Look through the records below for the line holding "1965 Topps #218 Dick Schofield 4 - VG/EX". Write it out exactly, with each following line through the line holding "Resource File로 만들어준다".

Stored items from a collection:

[Start of Attachment]

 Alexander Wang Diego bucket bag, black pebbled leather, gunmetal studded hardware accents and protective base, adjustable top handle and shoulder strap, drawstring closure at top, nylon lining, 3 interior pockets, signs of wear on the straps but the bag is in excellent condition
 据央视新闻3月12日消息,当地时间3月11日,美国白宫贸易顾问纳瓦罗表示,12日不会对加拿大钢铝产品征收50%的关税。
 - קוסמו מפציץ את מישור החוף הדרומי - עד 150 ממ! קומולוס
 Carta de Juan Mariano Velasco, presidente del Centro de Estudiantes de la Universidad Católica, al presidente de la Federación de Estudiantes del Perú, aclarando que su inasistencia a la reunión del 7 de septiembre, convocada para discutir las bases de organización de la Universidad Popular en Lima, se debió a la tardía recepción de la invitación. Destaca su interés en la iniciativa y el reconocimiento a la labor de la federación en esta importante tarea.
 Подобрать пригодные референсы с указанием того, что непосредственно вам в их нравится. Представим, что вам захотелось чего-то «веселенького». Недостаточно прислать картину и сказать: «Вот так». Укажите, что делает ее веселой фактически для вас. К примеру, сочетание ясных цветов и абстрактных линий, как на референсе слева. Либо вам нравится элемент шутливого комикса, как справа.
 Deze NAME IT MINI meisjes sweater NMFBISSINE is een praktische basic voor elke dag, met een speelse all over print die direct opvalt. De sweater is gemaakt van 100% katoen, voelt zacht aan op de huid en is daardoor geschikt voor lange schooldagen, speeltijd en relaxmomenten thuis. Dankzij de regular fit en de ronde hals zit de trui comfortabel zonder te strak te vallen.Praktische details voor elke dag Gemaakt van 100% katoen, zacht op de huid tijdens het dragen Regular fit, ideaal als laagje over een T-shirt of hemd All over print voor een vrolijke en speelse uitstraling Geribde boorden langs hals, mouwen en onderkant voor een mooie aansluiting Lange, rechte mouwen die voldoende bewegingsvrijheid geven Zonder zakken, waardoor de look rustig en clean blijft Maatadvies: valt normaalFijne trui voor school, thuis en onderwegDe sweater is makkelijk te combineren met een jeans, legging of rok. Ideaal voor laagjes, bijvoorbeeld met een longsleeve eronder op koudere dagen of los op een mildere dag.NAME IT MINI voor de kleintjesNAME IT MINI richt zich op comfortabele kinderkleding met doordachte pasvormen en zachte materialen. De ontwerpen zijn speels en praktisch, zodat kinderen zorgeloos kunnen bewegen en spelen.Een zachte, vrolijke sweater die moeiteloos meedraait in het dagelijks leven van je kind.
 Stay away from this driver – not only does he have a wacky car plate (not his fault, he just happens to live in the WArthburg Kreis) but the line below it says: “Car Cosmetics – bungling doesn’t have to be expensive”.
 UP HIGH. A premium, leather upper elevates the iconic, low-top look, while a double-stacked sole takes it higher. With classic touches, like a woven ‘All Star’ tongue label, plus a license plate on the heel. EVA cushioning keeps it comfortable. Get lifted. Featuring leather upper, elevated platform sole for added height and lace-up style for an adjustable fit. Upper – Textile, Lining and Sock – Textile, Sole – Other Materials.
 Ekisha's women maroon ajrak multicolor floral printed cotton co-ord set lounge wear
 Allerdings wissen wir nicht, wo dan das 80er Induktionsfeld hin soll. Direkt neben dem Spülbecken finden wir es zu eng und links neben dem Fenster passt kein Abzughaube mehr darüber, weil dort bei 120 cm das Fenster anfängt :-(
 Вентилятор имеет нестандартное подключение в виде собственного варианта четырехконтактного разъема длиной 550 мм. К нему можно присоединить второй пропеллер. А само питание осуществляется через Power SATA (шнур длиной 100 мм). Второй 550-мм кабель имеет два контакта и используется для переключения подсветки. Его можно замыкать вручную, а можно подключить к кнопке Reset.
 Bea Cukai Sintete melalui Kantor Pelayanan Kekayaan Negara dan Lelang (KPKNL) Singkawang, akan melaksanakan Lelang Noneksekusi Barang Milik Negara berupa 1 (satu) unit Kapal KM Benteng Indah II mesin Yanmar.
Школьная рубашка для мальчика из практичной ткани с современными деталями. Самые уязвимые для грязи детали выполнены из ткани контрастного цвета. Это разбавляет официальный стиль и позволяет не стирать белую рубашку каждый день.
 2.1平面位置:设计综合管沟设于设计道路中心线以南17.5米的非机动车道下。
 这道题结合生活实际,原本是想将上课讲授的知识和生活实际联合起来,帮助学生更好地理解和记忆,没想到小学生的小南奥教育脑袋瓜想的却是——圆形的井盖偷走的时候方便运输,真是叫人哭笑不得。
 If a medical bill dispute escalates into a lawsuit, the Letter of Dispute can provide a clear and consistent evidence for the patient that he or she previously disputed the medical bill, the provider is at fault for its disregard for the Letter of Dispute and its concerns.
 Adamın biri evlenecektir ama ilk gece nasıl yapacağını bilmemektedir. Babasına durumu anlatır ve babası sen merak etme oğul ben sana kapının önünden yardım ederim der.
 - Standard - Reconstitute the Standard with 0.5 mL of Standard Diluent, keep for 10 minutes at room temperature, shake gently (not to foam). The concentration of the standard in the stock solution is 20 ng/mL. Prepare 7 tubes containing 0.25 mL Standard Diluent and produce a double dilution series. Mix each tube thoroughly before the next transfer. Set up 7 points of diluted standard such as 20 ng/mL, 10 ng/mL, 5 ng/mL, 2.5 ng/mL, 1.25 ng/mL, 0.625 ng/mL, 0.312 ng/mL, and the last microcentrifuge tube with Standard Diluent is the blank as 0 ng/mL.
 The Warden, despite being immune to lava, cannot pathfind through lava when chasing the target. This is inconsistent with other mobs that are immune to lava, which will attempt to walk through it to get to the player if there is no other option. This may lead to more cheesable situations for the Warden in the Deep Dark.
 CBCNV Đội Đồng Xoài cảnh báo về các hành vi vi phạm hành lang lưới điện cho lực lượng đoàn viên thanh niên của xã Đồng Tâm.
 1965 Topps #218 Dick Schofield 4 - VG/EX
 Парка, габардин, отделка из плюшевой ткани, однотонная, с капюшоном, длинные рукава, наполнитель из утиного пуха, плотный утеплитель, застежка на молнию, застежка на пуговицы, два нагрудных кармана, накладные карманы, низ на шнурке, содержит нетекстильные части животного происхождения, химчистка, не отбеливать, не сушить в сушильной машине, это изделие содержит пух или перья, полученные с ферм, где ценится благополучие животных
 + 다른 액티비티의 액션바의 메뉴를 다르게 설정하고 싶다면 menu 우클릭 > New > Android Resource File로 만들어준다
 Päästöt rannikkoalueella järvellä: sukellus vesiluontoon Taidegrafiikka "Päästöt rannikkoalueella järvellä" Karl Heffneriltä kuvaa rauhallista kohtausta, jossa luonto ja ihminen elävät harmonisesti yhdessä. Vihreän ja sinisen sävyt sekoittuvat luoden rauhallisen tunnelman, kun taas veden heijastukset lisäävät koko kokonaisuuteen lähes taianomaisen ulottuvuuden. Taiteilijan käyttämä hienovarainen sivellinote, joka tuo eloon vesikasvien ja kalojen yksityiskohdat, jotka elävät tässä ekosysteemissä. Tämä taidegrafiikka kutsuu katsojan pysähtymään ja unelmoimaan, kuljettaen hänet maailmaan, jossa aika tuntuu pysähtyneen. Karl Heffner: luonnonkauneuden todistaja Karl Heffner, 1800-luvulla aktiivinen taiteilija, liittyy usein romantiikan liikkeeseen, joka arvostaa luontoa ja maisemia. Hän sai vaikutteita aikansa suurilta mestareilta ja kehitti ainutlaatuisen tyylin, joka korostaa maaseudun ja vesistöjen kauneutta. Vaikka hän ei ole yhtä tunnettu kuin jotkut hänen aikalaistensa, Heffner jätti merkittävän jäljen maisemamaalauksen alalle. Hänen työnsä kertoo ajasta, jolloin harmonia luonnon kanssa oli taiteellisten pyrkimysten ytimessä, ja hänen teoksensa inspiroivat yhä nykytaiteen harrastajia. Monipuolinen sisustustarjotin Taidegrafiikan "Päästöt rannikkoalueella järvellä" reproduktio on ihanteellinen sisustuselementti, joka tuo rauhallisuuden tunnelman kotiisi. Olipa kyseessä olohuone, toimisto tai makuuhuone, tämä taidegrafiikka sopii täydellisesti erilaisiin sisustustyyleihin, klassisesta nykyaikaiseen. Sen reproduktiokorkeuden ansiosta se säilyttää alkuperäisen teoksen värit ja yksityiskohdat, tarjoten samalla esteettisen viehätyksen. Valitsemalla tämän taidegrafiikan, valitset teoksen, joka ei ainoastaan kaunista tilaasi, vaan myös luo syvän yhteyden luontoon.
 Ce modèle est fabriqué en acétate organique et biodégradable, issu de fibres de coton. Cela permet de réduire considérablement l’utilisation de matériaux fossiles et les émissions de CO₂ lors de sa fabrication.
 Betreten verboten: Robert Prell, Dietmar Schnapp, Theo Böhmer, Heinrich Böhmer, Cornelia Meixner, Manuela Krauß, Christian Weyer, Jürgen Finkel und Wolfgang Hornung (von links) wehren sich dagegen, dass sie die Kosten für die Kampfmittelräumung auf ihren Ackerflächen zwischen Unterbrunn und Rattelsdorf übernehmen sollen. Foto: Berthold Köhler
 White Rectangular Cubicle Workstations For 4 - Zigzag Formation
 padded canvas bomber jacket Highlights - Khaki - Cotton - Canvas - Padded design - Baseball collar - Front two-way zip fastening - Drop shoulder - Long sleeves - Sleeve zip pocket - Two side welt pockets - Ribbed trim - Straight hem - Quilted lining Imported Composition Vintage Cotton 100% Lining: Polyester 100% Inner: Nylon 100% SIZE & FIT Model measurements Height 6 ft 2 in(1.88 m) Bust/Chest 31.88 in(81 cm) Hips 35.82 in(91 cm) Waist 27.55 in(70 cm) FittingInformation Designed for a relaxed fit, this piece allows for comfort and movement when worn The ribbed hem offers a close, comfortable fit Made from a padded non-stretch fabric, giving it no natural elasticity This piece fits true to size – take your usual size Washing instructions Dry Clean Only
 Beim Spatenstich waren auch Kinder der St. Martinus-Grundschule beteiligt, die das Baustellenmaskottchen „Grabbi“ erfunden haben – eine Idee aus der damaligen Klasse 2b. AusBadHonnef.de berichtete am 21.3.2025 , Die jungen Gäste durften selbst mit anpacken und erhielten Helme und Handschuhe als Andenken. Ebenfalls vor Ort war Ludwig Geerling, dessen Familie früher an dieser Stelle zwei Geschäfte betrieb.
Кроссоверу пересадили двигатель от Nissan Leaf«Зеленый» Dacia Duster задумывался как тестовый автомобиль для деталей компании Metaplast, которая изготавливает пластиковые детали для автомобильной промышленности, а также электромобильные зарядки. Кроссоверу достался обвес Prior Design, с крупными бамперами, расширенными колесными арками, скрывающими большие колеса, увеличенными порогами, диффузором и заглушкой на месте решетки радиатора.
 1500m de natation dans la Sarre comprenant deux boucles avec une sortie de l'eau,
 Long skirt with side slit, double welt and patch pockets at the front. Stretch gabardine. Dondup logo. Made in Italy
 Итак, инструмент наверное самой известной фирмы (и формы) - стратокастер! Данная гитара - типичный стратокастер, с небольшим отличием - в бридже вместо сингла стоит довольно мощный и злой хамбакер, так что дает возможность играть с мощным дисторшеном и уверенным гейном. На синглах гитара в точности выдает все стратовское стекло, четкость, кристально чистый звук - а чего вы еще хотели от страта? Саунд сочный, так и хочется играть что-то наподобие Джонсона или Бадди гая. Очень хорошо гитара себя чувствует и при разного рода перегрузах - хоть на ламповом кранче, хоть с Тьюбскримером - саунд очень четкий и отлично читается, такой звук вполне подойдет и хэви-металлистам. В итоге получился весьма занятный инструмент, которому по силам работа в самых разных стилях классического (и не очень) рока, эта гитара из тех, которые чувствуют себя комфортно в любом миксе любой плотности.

[End of Attachment]

• [EXERCISE RESULT]
 1965 Topps #218 Dick Schofield 4 - VG/EX
 Парка, габардин, отделка из плюшевой ткани, однотонная, с капюшоном, длинные рукава, наполнитель из утиного пуха, плотный утеплитель, застежка на молнию, застежка на пуговицы, два нагрудных кармана, накладные карманы, низ на шнурке, содержит нетекстильные части животного происхождения, химчистка, не отбеливать, не сушить в сушильной машине, это изделие содержит пух или перья, полученные с ферм, где ценится благополучие животных
 + 다른 액티비티의 액션바의 메뉴를 다르게 설정하고 싶다면 menu 우클릭 > New > Android Resource File로 만들어준다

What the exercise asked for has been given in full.